NAFTA has been getting more and more attention of late and rightfully so, considering how critical it is to business on both sides of the border.
After four rounds of negotiations, important progress has been made in some areas, but there is now a lot of speculation about what might happen next. As we head into the fifth round of negotiations this week, here’s what you need to know:
NAFTA is a success story
For starters, let’s understand that NAFTA has been an engine of middle class job creation. Close to 14 million jobs in the U.S. alone depend on NAFTA – 9 million are supported by trade and investment with Canada and another 5 million by trade and investment with Mexico.
A wide range of local employers – from fruit and vegetable growers to the makers of everything from processed foods to consumer electronics and scores of products in between – would be hurt without NAFTA. Tearing up the agreement could mean new tariffs at the border, basically hitting local manufacturers, wholesalers and scrappy international businesses with an unnecessary new cost for selling their products abroad and for buying what they need from Canada and Mexico. This puts pressure on payroll. Not to mention what it would cost consumers.
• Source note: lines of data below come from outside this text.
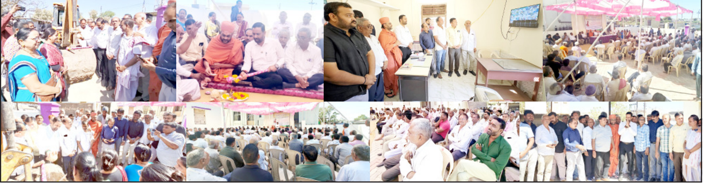
અમરેલી, તા. ૧૫

સમગ્ર વિધાનસભા વિસ્તારને વિકાસનાં મુખ્ય પ્રવાહ સાથે જોડવામાં આવશે : વેકરિયા
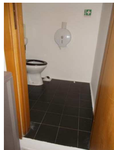
22. Bagno handicappati
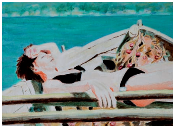
Sonnenbadende 2010, Acryl auf Leinwand, 25 × 35 cm
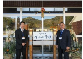
学校の門松をバックに
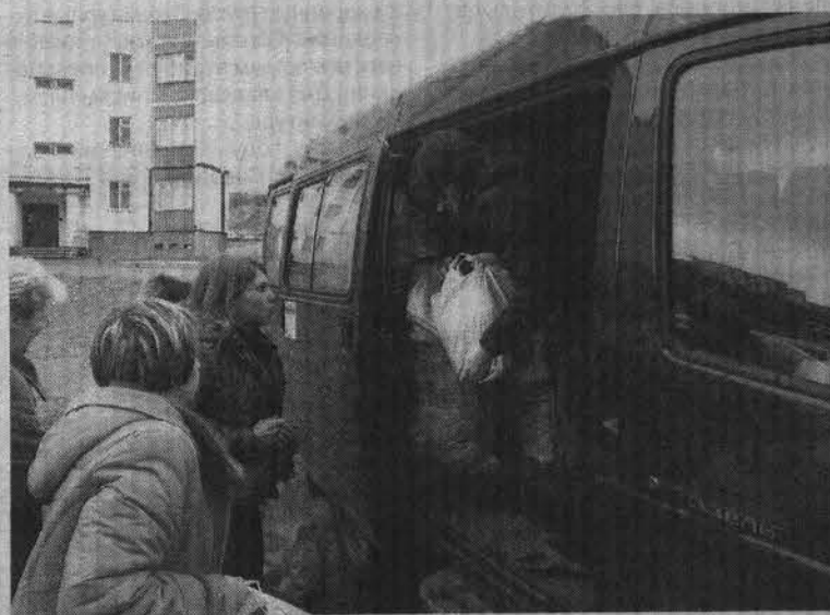
Жители ул.Сизова переживали: хватит ли в «Газели» места для собранных вещей.

Чтобы помочь людям, необязательно дожидаться следующего рейда. Можно самостоятельно принести вещи в КЦСОН. Одежду и обувь для взрослых лучше передавать в отделение срочной
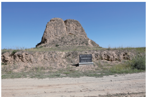
自治区文物保护单位同家墩烽火台。

发掘传承长城的文化价值、保护长城的文物遗迹，是时代赋予的使命，更是弘扬民族精神的最佳体现。
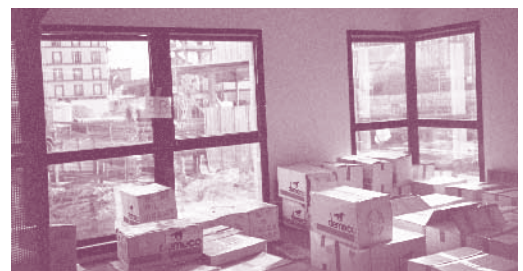
Bibliothèque d'Ivry, 1989.
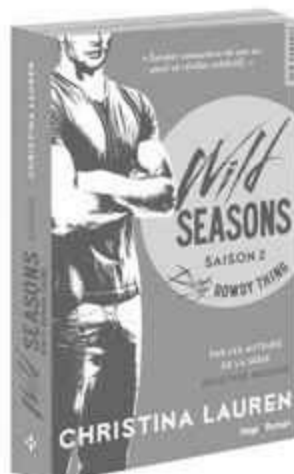
DIRTY ROWDY THING SAISON 2 - JUIN 2015
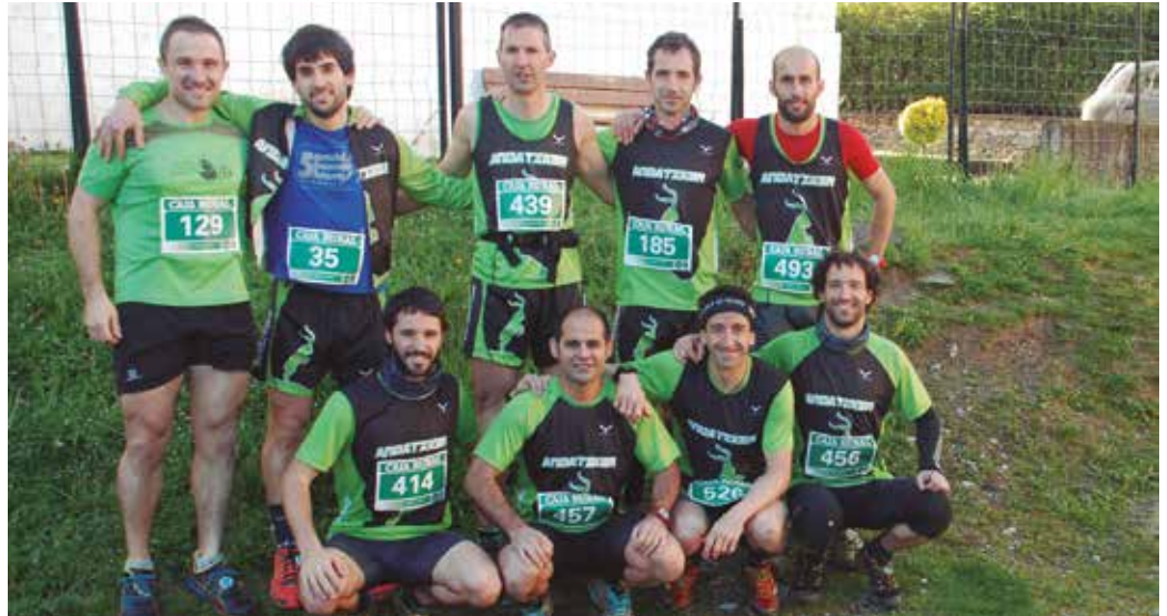
WhatsApp talde batean batzen dira Andatzker-eko kideak. Bertan egiten dituzte entrenatzeko nahiz lasterketara joateko planak. Argazkian, aurreko igandean Berako lasterketan partehartu zuten kideak.

K. L. Talde bat gara, baina ez dugu ez CIFik, ezta antzerik ere. Lagun talde bat gara, entrenatzeko eta lasterketara elkarrekin joateko. 20 bat lagun gaude, baina gero norbait mendian harrapatzen badugu ere, gure taldera batzera animatzen dugu. Alde horretatik oso informala da.

The fortunes of Canada, the US, and Mexico are bound up together. The amount of trade we do with each other has more than tripled since NAFTA went into effect in 1993. We buy things from each other to make things together and sell them to the world. The flow of goods and people between our countries is so immense that a blow to any of our economies will be felt across the border and in our communities.
Winner-take-all won’t work
There is perhaps no better example of how NAFTA has allowed our companies to make things together than the auto sector. Parts from all three member countries are used in the assembly of cars in all three countries. The US recently proposed new rules requiring North American cars to have more US parts. This kind of national content requirement would severely disrupt the supply chains that keep North American-made cars cost-competitive. It would encourage imports from outside North America, jeopardizing tens of thousands of jobs in the US.
This begins to illustrate the trouble with bringing a winner-take-all mentality into a trade negotiation. Yet in rounds three and four of the NAFTA renegotiations, we saw proposals that would turn back the clock on 23 years of predictability, openness and collaboration. Heading into the fifth round of negotiations later this month, negotiators must understand that if we don’t all win, we all lose.
We can’t let the sun set on NAFTA
Business thrives on stability. So another recent proposal – a sunset clause that would throw NAFTA’s existence into question every 5 years –is also cause for concern. A sunset provision would create an unstable environment and introduce tremendous uncertainty into major investment decisions made by major employers in the US, Canada and Mexico. That’s not good business.
Canada’s priority remains making improvements to NAFTA that help create jobs and opportunities for middle class families in all three of our countries.
We have a real opportunity to make this agreement better – to make it more innovative, cut red tape for SMEs, extend its benefits to a greater number of people, and strengthen labor and environmental protections – and this is still achievable. That’s what our negotiators are working towards.
Canada will continue to work for a good deal, not just any deal. We’ll defend our national interests while making a good agreement even better for all of North America – including employers right here in Southern California.